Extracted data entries
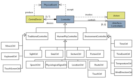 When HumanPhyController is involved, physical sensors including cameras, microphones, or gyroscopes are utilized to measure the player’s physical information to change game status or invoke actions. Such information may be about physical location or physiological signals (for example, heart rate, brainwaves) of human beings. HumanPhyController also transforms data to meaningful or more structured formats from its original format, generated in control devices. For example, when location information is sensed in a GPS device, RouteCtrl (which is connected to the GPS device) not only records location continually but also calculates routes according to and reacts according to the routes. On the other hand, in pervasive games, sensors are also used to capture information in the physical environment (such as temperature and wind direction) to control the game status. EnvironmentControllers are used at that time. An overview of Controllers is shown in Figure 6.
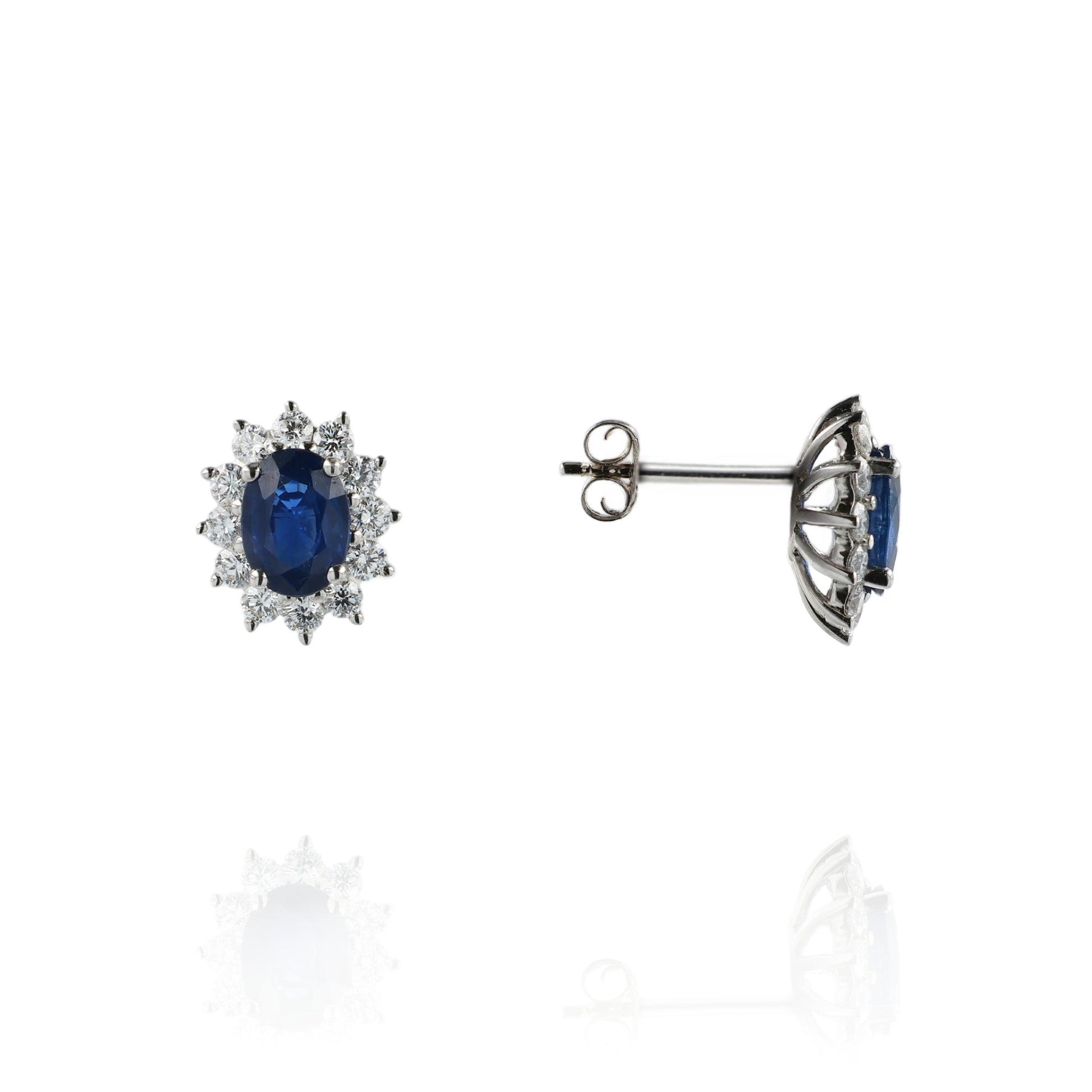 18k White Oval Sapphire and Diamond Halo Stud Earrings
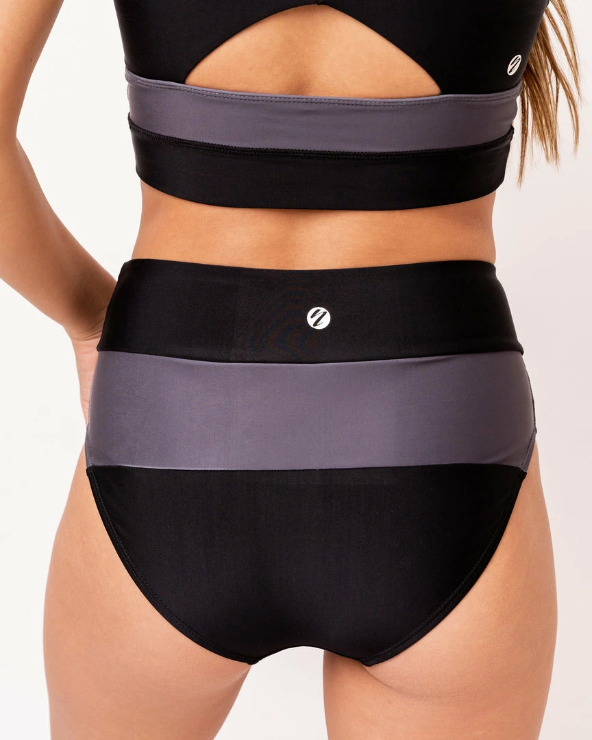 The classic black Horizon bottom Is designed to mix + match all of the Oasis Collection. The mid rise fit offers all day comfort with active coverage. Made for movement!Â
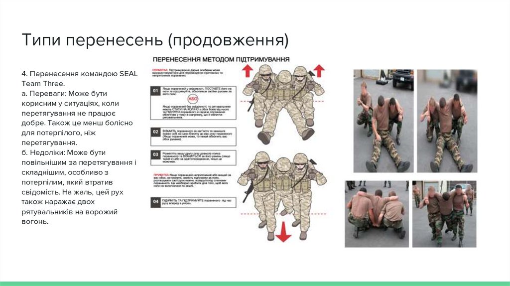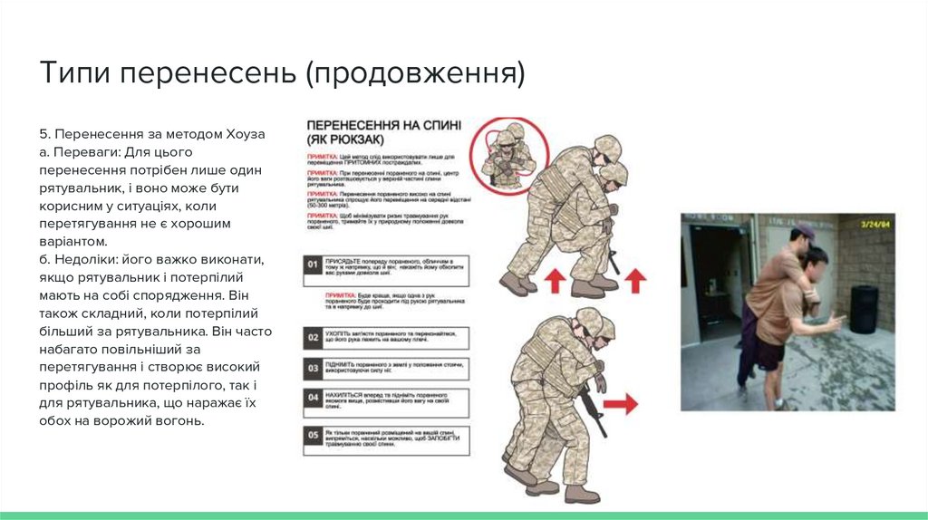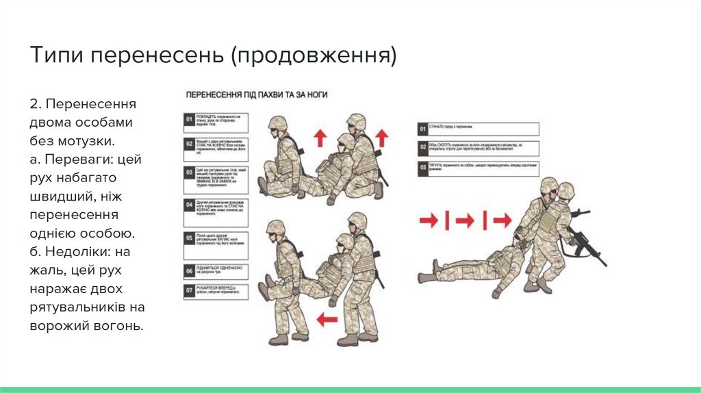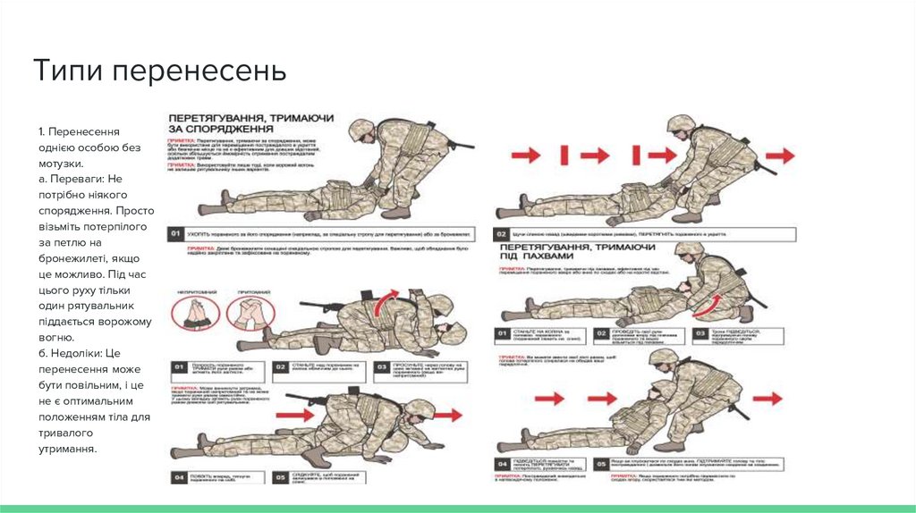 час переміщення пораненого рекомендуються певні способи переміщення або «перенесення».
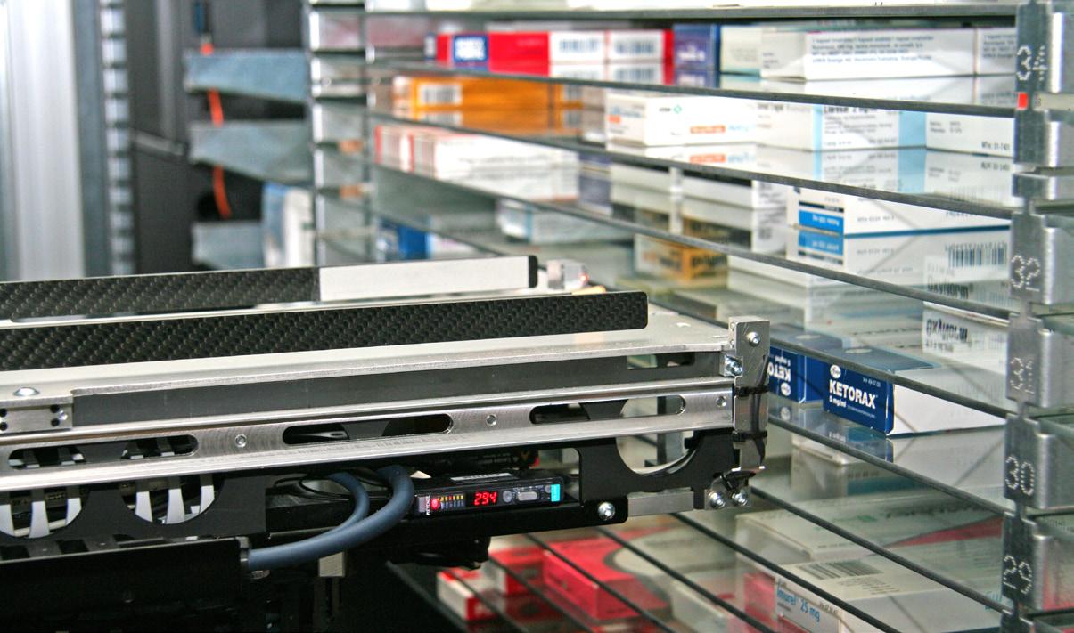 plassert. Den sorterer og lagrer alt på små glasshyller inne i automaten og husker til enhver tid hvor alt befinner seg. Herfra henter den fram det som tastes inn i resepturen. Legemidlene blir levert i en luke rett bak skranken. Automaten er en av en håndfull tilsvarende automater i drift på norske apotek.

__AIM OF THE EXERCISE__:
Please output only the lines running from the one that holds "The classic black" through the last line of the entries, both ends included, without any images.

__ANSWER AREA__:
 The classic black Horizon bottom Is designed to mix + match all of the Oasis Collection. The mid rise fit offers all day comfort with active coverage. Made for movement!Â
 час переміщення пораненого рекомендуються певні способи переміщення або «перенесення».
 plassert. Den sorterer og lagrer alt på små glasshyller inne i automaten og husker til enhver tid hvor alt befinner seg. Herfra henter den fram det som tastes inn i resepturen. Legemidlene blir levert i en luke rett bak skranken. Automaten er en av en håndfull tilsvarende automater i drift på norske apotek.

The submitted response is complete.